Our study, focusing on children under 3½ years old, was designed to overcome these limitations. To our knowledge, this is the first prospective study of developmental and cognitive functioning in younger children with congenital heart disease, and also includes two comparison groups, one of children undergoing bone marrow transplantation and another group of healthy children. We aimed to test the following hypotheses, based on the existing literature.
Young children (less than 3½ years old) with congenital heart disease will demonstrate cognitive and developmental impairment relative to healthy children and to children awaiting bone marrow transplantation
Preoperatively, children with cyanotic lesions will show a greater degree of cognitive and developmental impairment than those with acyanotic lesions
Corrective surgery will result in a greater improvement in cognitive and developmental functioning in children with cyanotic lesions compared with those with acyanotic lesions
For children with cyanotic defects, cognitive and developmental impairment will be positively correlated with age at time of repair, but no such association will be found for children with acyanotic lesions.

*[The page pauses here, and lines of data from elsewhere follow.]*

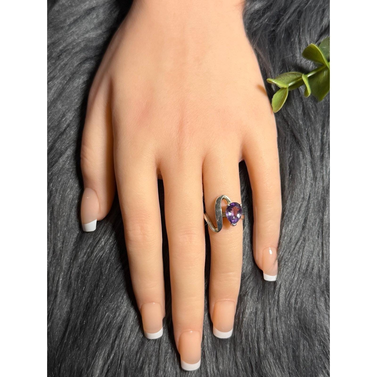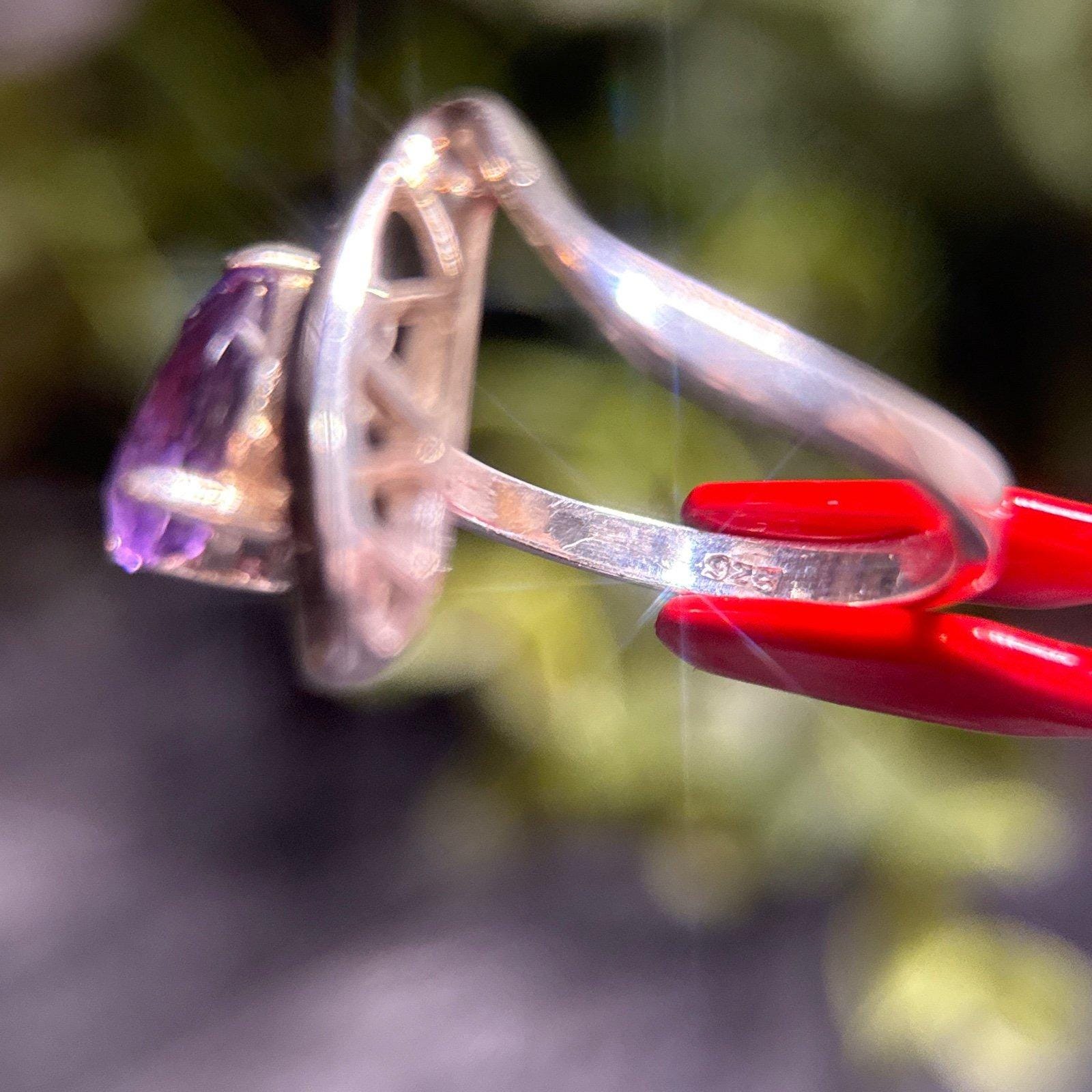 Teardrop Shaped Amethyst Ring in Sterling Silver 925z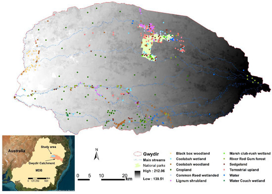The distribution of field sampling plots in the Gwydir Wetland Complex, located downstream of Gwydir catchment in the Murray–Darling Basin of Australia (inset map).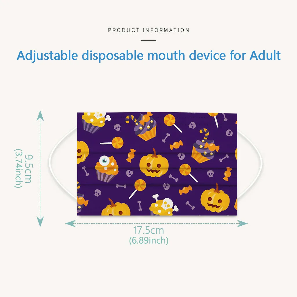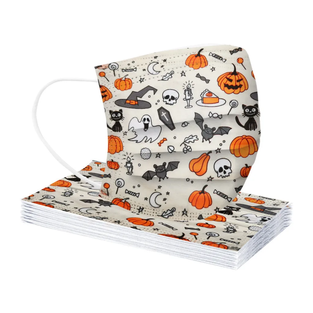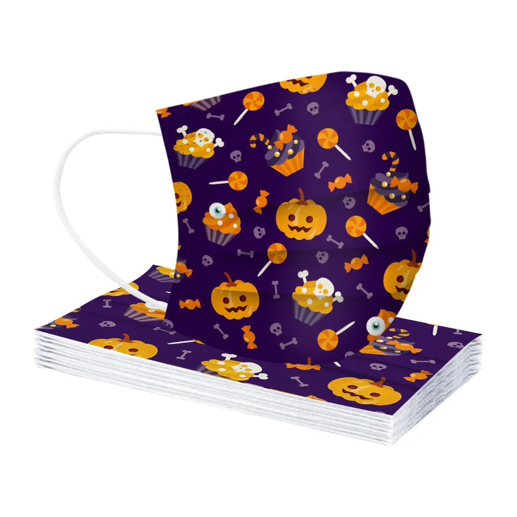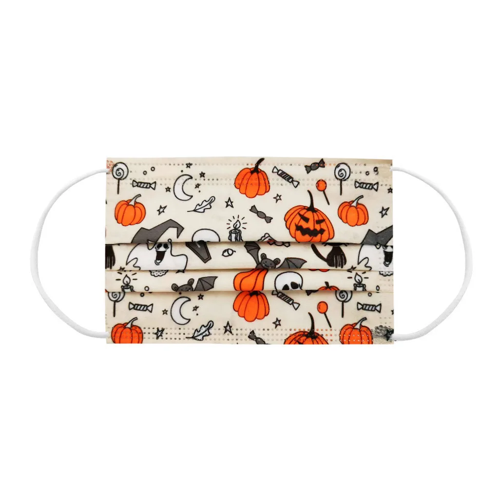 Маска тыквенная одноразовая для Хэллоуина, Нетканая, 3-слойная, 50 шт.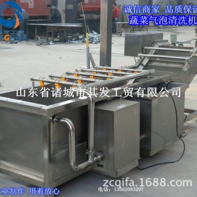 諸城市其發工貿有限公司為您提供氣泡蔬菜清洗機價格優惠設備除電機、軸承等標準件外均采用不銹鋼SUS304/2B材料制作,完全符合出口食品衛生要求。蔬菜清洗機設備中設有氣泡發生裝置,使物料呈翻滾狀態,去除產品表面農殘功效,同時可加入適量的藥劑,進行消毒固色,洗菜機里漂浮物可以從溢流槽溢出,沉淀物從口排出,以達到清洗的目的。氣泡清洗機是針對外形要求高的物料設計,適用于:蔬菜、水果、水產品等顆粒狀、葉狀、根莖類產品清洗、浸泡。

All the children in our study were aged 0–3.5 years, and we excluded any with known mental handicap. The cardiac group comprised a consecutive series of children admitted for elective surgery recruited from three specialist units in London, UK over a period of two years. The transplant group was made up of a consecutive series of children recruited over 33 months from four specialist units. The healthy group was recruited from two London health centres.
The cardiac group comprised 25 children, although one child with a cyanotic lesion was too ill to be assessed before corrective surgery. The mean age of the group was 1.5 years (SD, 0.9 years; range, 0.2–3.4). There were 10 girls. Eleven had cyanotic lesions and 14 had acyanotic lesions—these two subgroups will be referred to as the cyanotic and acyanotic groups, respectively. The mean ages of the two congenital heart disease subgroups were not significantly different (cyanotic group mean, 1.7 years; SD, 0.8; acyanotic group mean, 1.4 years; SD, 0.9). Follow up assessments were completed on 19 children; five died before the follow up assessment, and one was lost to follow up.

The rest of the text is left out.